> _Task details_
Please write out only the lines from the one containing "Kreativní set pro" through the last line of the listing. Do not include pictures.

> _Provided material_
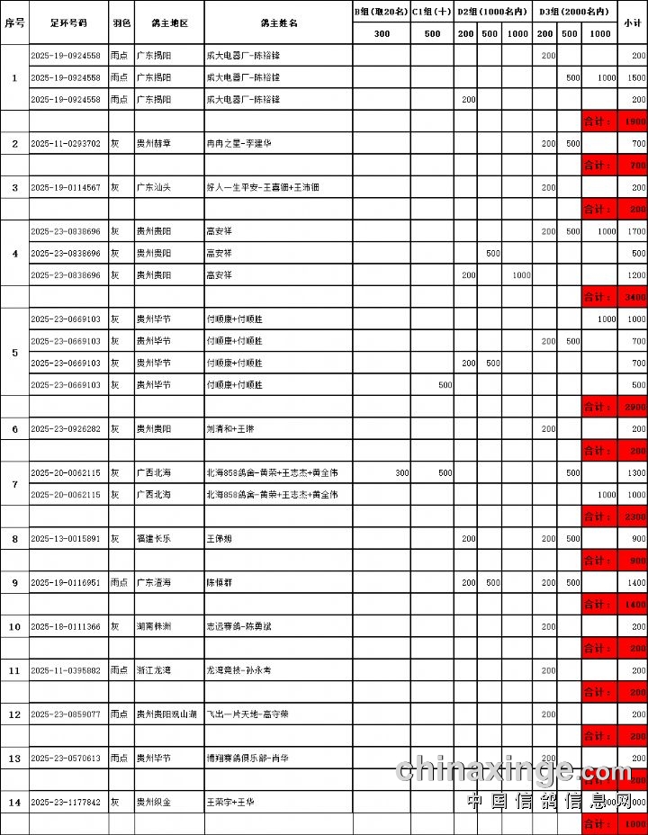 提示:如果此页面是训放清单,要想快速查询鸽环号,请按
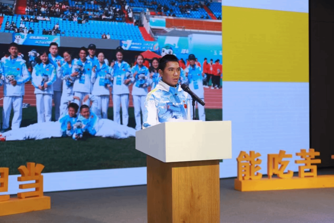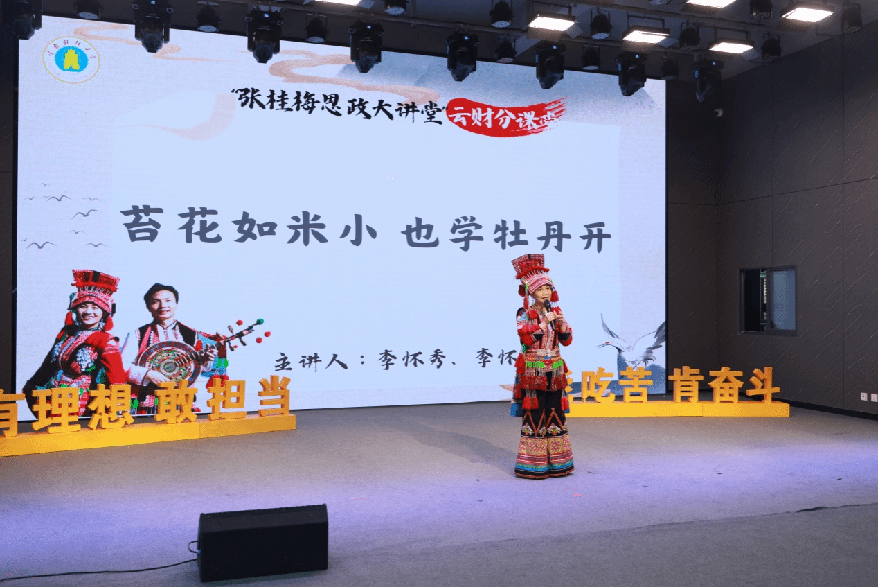At the One-Stop Student Service Center, the seventh lecture of the Zhang Guimei Ideological and Political Lecture Series series was held, featuring inspiring stories from different speakers. Among them were Yang Hongqiong, a Chinese female Paralympic cross-country skier and triple gold medalist at the Beijing Winter Paralympics and a current student at YUFE; Li Huaixiu and Li Huaifu, national-level actors and inheritors of the Haicai Tune(海菜腔) intangible cultural heritage from Shiping County; and Li Chaoyan, a young lecturer at YUFE and the full marathon champion at the Rio and Tokyo Paralympic Games in the T46 category. They shared their personal journeys and struggles with the audience.
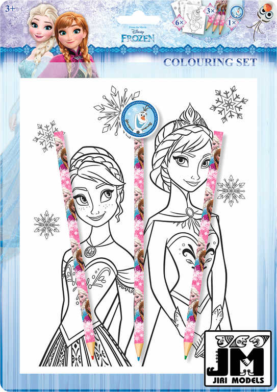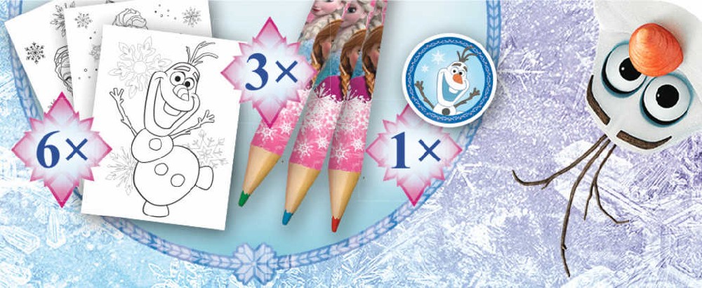Kreativní set pro všechny výtvarně nadané holčičky, obsahující omalovánky s motivy Ledového Království, barevné pastelky a gumu.
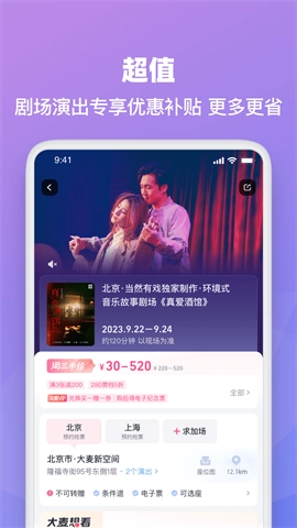 3、覆盖各类演出,包括歌舞剧、相声专场等知名品牌的活动。

> _Answer for the task_
Kreativní set pro všechny výtvarně nadané holčičky, obsahující omalovánky s motivy Ledového Království, barevné pastelky a gumu.
 3、覆盖各类演出,包括歌舞剧、相声专场等知名品牌的活动。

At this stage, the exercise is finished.